Giubileo dei volontari

Fuggiti da fame e guerre, in Italia sono diventati campioni di solidarietà

Dopo il focus sui volontari senior, in questa seconda tappa dei "volontari senza barriere" incontriamo rifugiati e stranieri che si stanno mettendo in gioco in progetti di cittadinanza attiva

di Chiara Ludovisi

Li chiamano “Volontari in comunità” e vengono quasi tutti da Paesi in guerra, o in cui era diventato impossibile vivere: rifugiati, richiedenti asilo e apolidi, che vengono coinvolti nel progetto Cov – Community Outreach Volunteers come agenti di cambiamento e  rappresentanti delle loro comunità.

I Volontari in comunità

Avviato nel 2022 da Unhcr in collaborazione con Intersos, il progetto si basa sull’azione diretta dei volontari, ponte tra la società ospitante e le comunità di rifugiati, nonché tra i loro rappresentanti e il mondo dei servizi, delle istituzioni e dei percorsi di integrazione del territorio.
I Voc sono persone dai 18 ai 65 anni, rifugiate o appartenenti alle comunità della diaspora, arrivate in Italia da poco oppure da diversi anni: mediatori culturali, studenti, avvocati, psicologi, operai, artisti, assistenti sociali, ristoratori, giornalisti, designer e atleti. Dopo un percorso di formazione, vengono coinvolti in incontri e attività di supporto alle diverse comunità e nelle diverse comunità.
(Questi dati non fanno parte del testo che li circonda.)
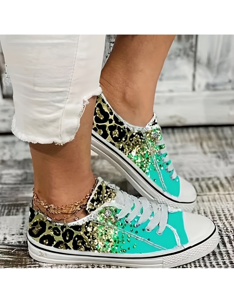 Women's Leopard Print Canvas Shoes, Casual Glitter Sequins Decor Lace Up Shoes, Lightweight Low Top Sneakers

Un incontro del progetto Voc

«ll progetto nasce con l’obiettivo di valorizzare il ruolo dei rifugiati stessi nell’identificare sfide e risorse delle comunità e di proporre risposte efficaci», spiega Chiara Cardoletti, rappresentante Unhcr per ltalia, la Santa Sede e San Marino. «La loro partecipazione nei processi che li riguardano, nel ruolo di esperti a titolo personale e professionale, è fondamentale per implementare politiche e attività di integrazione ma anche per dar loro la possibilità di restituire alle comunità che li accolgono, favorendo davvero il benessere di tutti. Per questo motivo, siamo orgogliosi di essere riusciti, anche attraverso i nostri partner, a coinvolgere 100 volontarie e volontari in 30 diverse comunità». 

Il tutto, con un impatto positivo anche sugli stessi volontari: «Siamo persone che si capiscono davvero», spiega Sediqa Sharifi, Voc di Bologna. «Essere in questo gruppo mi dà connessione e forza, consentendomi di condividere, imparare e supportarci a vicenda attraverso la nostra sfida».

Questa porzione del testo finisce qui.